Where to stay in Ålen
Beds in Ålen are few. This is a small valley village in Holtålen, not a resort, so lodging gathers in the cluster of houses near Ålen kirke rather than spreading across the hills. Stay in the village centre if you want to be within walking reach of the church and the everyday shops, with the upland slopes of Trøndelag rising straight from the back of the settlement.
You suit the place if quiet matters to you more than choice. Out along the valley toward Hessdalen, in the Renbygda herding country to the north, a scatter of farm rooms and cabins suits drivers and walkers who want the open fell on their doorstep, though these tend to book early in the walking season. Rooms here run thin.
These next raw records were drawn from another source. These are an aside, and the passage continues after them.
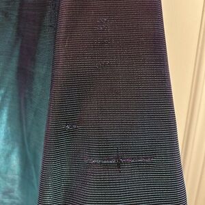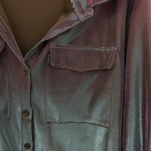 Very pretty, shiny metallic fabric button-down, collared shirt. Shirt has black lining, so is not itchy. Material looks teal in some light and purple in other light. Two front pockets. Some runs on back of one sleeve (see picture). Very cute to throw over a black tshirt, or tuck into a skirt for night out.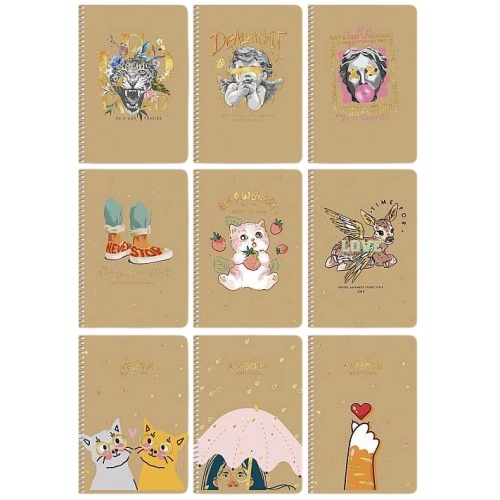 зошит на спіралі Школярик А5 96арк. крафт, тиснення, крем. блок, кліт. A5-SC-096-6132K (1/54)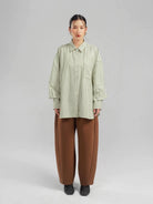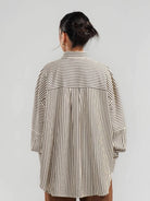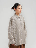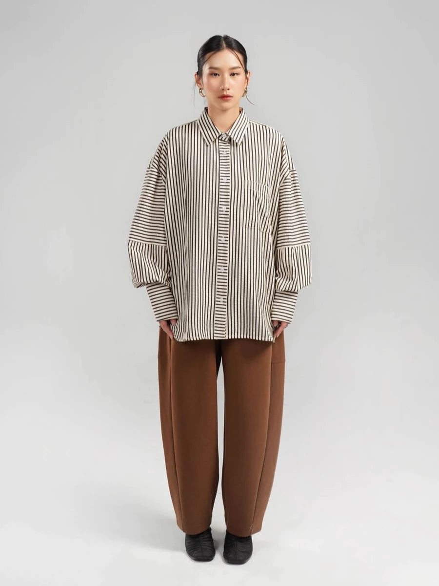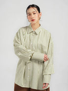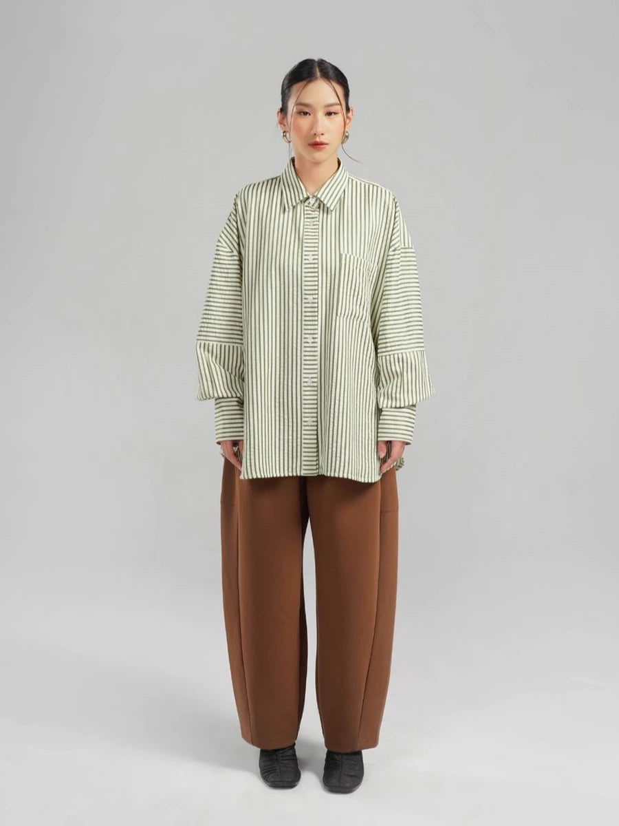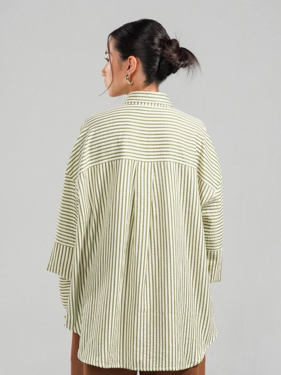 Kemeja lengan panjang bermotif garis dengan bahan seersucker dengan nuansa casual dan stylish. Bahannya ringan, nyaman, dan jatuh, cocok untuk aktivitas sehari-hari. Potongan oversize dengan detail pada bagian lengan tangan (cuff) yang bisa di styling sesuai gayamu dan simple karena gaperlu setrika langsung siap pakai.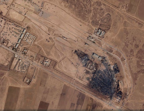 The satellite images show a mass of burned trucks, the ground around them singed black. The fire burned through an area just under a half a square kilometer (a fifth of a square mile). More trucks had lined up after the fire and other cars and people appeared to be gathered at the site Tuesday.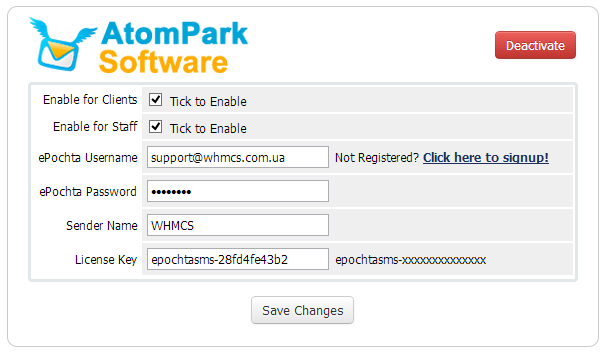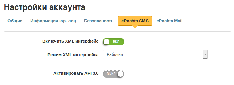 И настройки в сервисе ePochta SMS :

Travellers who find nothing free in the village often base instead in the larger neighbouring centres of Holtålen and Røros, both within reach along the same valley railway, and ride in to Ålen for the day.
About Ålen
What is Ålen known for?
Two old churches anchor the place. Ålen kirke stands over the village itself, while Hessdalen kirke serves the neighbouring valley a little to the north, and both carry heritage protection in this corner of Holtålen. The wider district is known by a second name, Renbygda, the reindeer settlement, a hint at the herding country that surrounds it. Travellers come to Ålen for quiet upland walking rather than crowds.
It sits in the south-eastern part of Trøndelag, deep among the hills.
What are the main landmarks in Ålen?
Ålen kirke is the village marker. It stands among the houses as the parish church of the place, a heritage-listed building watching over the valley floor. North of it, in the side valley that shares its name, Hessdalen kirke serves the herding farms of Hessdalen and carries the same heritage protection within Holtålen.
Beyond the two churches there is little built to see. The draw of Ålen is the fell itself, the open Trøndelag uplands of the Renbygda country that rise on every side of the settlement.
What is the history of Ålen?
Ålen grew from herding and farming. The valley earned its second name, Renbygda, from the reindeer that the people of these uplands have long followed across the open fell, and the scattered farms of Ålen and neighbouring Hessdalen were the work of generations who lived off the thin soil and the high pasture of south-eastern Trøndelag. Faith gathered the settlement. Ålen kirke rose to serve the village in the valley bottom, while Hessdalen kirke was built to serve the herding farms of the side valley to the north, and both still stand under heritage protection as the oldest fixed marks of the whole district.
For most of its life Ålen was its own small municipality among the hills. In time it joined with its neighbour to form the present municipality of Holtålen, the administrative unit that now holds both the village and the wider Renbygda country around it. The place stayed small throughout.
It remains a thin string of farms and houses along a high valley, holding to the fell rather than the town.
Where is Ålen?
Ålen lies in a high valley in the south-eastern part of Trøndelag. The village sits on the valley floor in Holtålen, with open fell rising on either side and the side valley of Hessdalen branching away to the north toward its own church and herding farms. This is inland, upland country.
There is no coast and no large water here, only the high pasture of the Renbygda fells that gives the district its name and surrounds the settlement on every side.
What is the climate of Ålen?
Ålen sits high and inland, and the weather follows the fell. Winters run long and cold over the Renbygda uplands, with deep snow lying across the valley and the pasture for much of the year, while the short summers stay cool and green under the long subpolar daylight of south-eastern Trøndelag. Frost can come in any month here.
The open valley around Holtålen offers little shelter, so wind and weather sweep down off the surrounding hills onto the scattered farms below.
How do you get to Ålen?
The railway threads the valley. Ålen lies on the line that runs up through Holtålen toward Røros, so trains call at the village on their way between the lowlands and the high country, and this remains the simplest way in for travellers without a car. Drivers follow the valley road through the hills. The route runs along the same high valley that carries the railway, linking Ålen with Hessdalen to the north and with the larger centres of Trøndelag beyond, while no airport lies anywhere near this upland district.